Lack of clarity in IRS or FEC rules allows politically-active nonprofits to make a major impact in federal elections — totaling $1 billion in all-time FEC-reported dark money as of 2018. Dark money was dominated by conservative groups for several consecutive cycles prior to 2018, when liberal groups shelled out more on FEC-reported outside spending than their conservative counterparts.

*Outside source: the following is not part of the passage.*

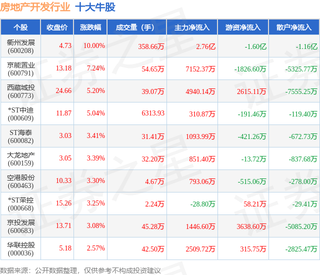 个股表现方面,房地产开发行业当日领涨股为衢州发展(600208),该股当日报收4.73,上涨10.0%,成交量358.66万,主力资金净流入2.76亿元。京能置业(600791)以上涨7.24%紧随其后,该股当日成交量54.65万,主力资金净流入7152.37万元。除此之外,西藏城投(600773)、*ST中迪(000609)、ST海泰(600082)均进入当日牛股之列。具体个股列表见下表: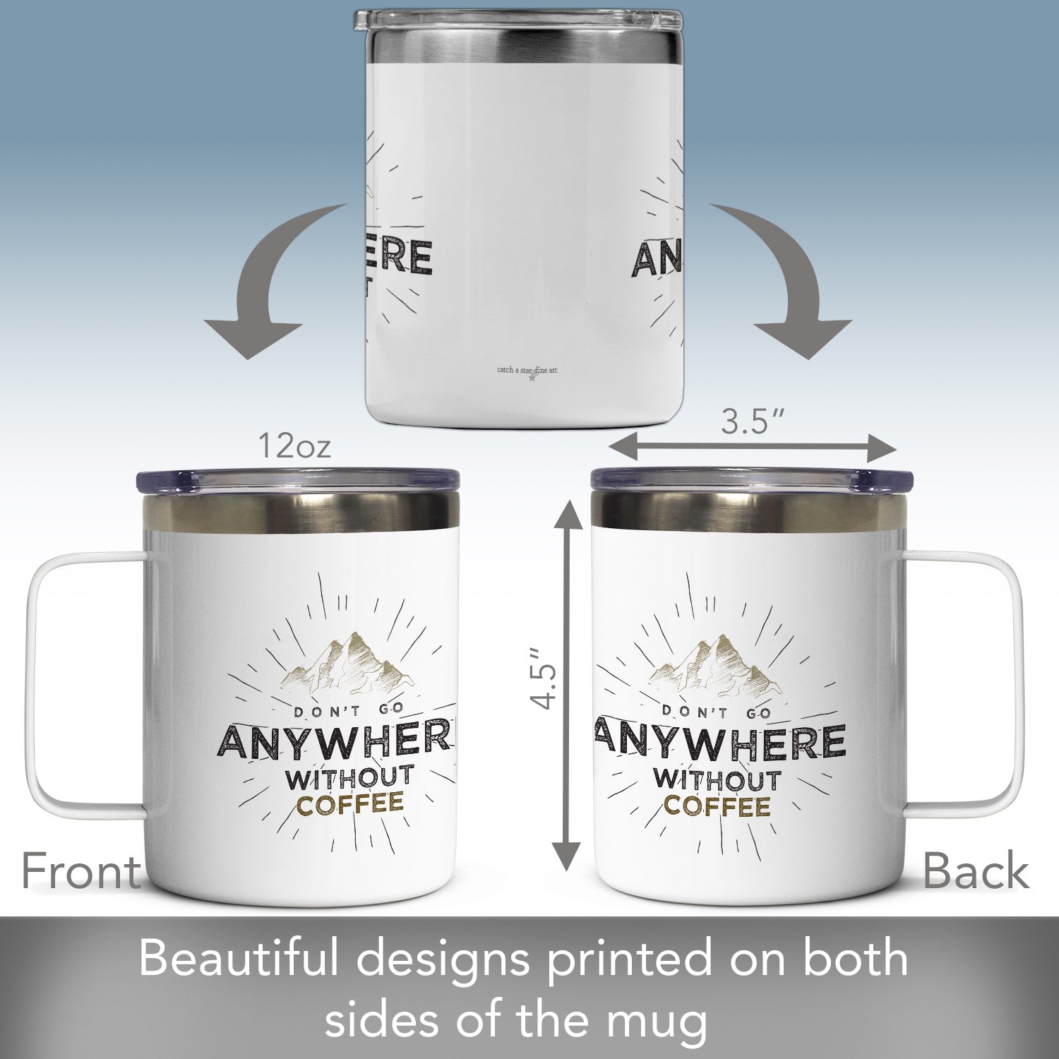 CAPACITY-Mug will hold up to 12 ounces. Each mug measures 4.5” x 3.25” x 4.25”. Great for outdoor activities, commuting, or simply enjoying beverages at home or in the office.

The surprising shift was sparked by the emergence of Majority Forward, a Senate Democrat leadership-linked 501(c)(4) nonprofit that spent a cycle-high $40 million. It also contributed directly to super PACs, including a $1.1 million contribution to the closely-aligned Senate Majority PAC.
If Future Majority does fund closely-tied super PACs, it would continue a growing trend in the campaign finance landscape. In 2018, conservative dark money group American Action Network transferred more than $26 million to the Congressional Leadership Fund (CLF) super PAC, with which it shares the same staff and offices. CLF swiftly became the top-spending super PAC in 2018, shelling out nearly $136 million to support House Republicans.
While super PACs bankrolled primarily by dark money groups may appear to be a brazen attempt to skirt donor disclosure rules, the increasingly common tactic is not necessarily illegal unless the dark money group is acting as a “straw donor” or if the arrangement is in violation of other FEC regulations.
But it appears Future Majority will do much more than spend money on ads — primarily offering strategic advice and branding efforts to other Democratic groups. A nonprofit acting as a self-proclaimed “strategy center” for other groups represents a new kind of dark money group.
Outside groups are prohibited from coordinating with candidates and parties on election-related expenditures, but the FEC hasn’t been keen on enforcing its own rules.
Pro-Clinton super PAC Correct the Record conducted research for the Hillary Clinton campaign, which would typically be considered an in-kind contribution. But the group argued it could coordinate with the campaign because it was posting material online under the FEC’s “Internet exemption” that allows individuals to post political activity.
Campaign Legal Center filed a complaint with the FEC arguing the group was making illegal in-kind contributions to the Clinton campaign. The commission has yet to take action on the complaint.
Future Majority told Politico that it advised the Democratic Congressional Campaign Committee (DCCC) on how to message voters in 2018. As part of its goal of being a “strategy center” for Democratic groups, the nonprofit has publicly posted suggestions on how to present certain policies to voters.
“It raises the question for me if Future Majority is using a Correct the Record-style argument that they can coordinate with candidates or parties as long as the end product is then posted online,” Fischer said.